El talón de Aquiles del aparato de derechos humanos de la ONU

El cargo de Alto Comisionado para los Derechos Humanos se presenta como la máxima voz moral de Naciones Unidas. Pero su historial demuestra hasta qué punto esa supuesta independencia se diluye en compromisos políticos y concesiones a regímenes autoritarios.

En Zimbabue, la oficina pidió levantar las sanciones internacionales contra el régimen de Robert Mugabe, alegando que perjudicaban a la población. El efecto real fue legitimar el discurso del propio dictador, que usaba las sanciones como excusa para encubrir el colapso provocado por décadas de represión y saqueo.

En Sri Lanka, durante la fase final de la guerra civil y la ola de desapariciones forzadas, la oficina se limitó a informes de tono cauteloso, evitando una condena contundente frente a crímenes de guerra documentados. Un ejemplo de cómo la diplomacia terminó pesando más que la defensa de las víctimas.

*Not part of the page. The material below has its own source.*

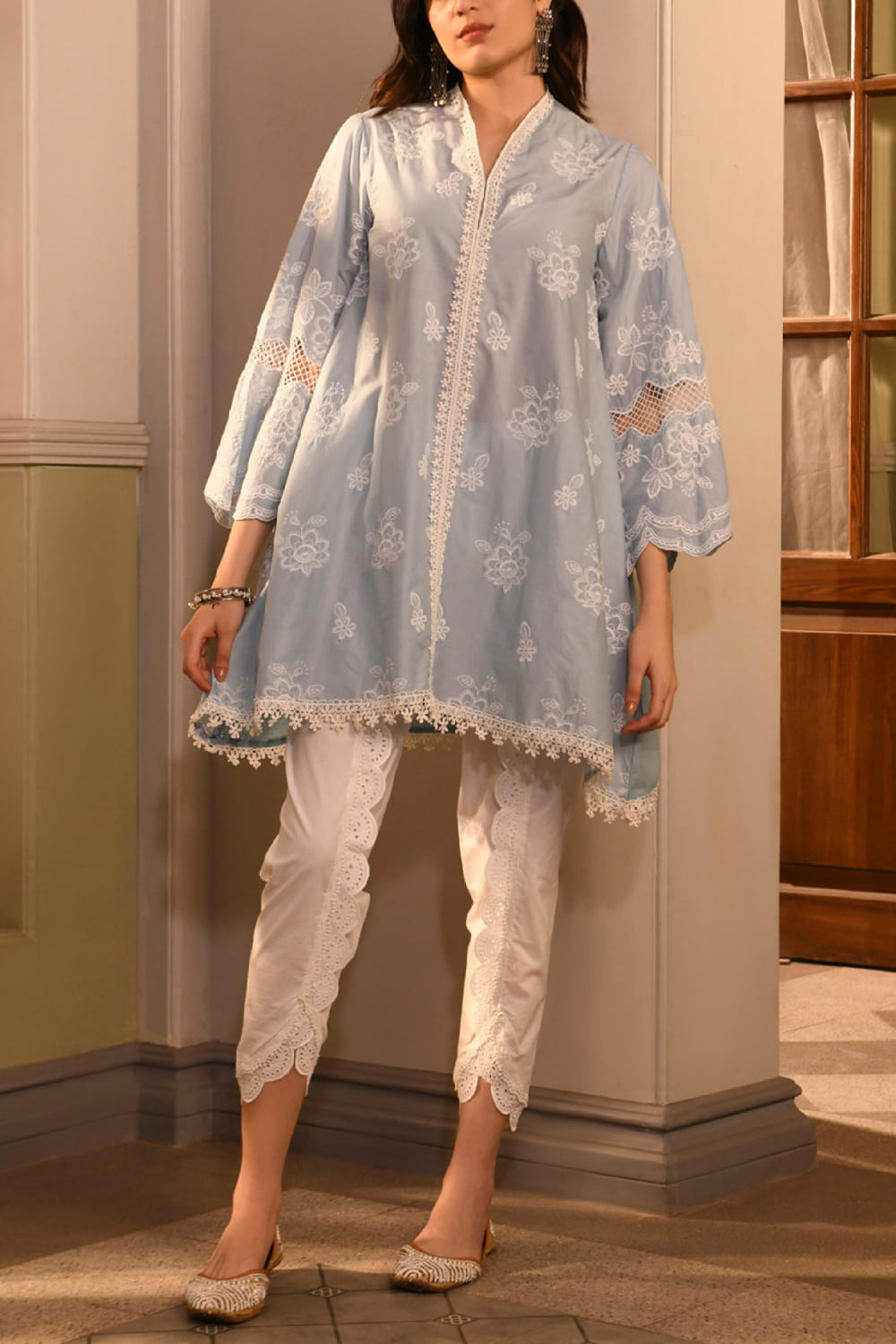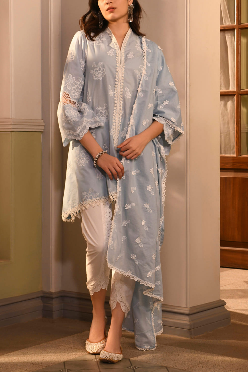 Blue floral embroidered A-line kurta set

En el conflicto Israel–Palestina, la conducción de una comisión de investigación fue cuestionada por varios países —incluidos Estados Unidos y socios europeos— debido a un sesgo estructural. El resultado fue un informe visto como parcial, que debilitó la credibilidad del sistema mismo que decía representar la justicia internacional.

El patrón es claro, el aparato de derechos humanos de la ONU no opera en un vacío técnico, sino dentro de una estructura donde dictaduras y autocracias deciden mandatos, financiamientos y nombramientos. La consecuencia es un organismo que, en lugar de erigirse como juez independiente, a menudo termina como vocero involuntario de los mismos violadores a los que debería denunciar.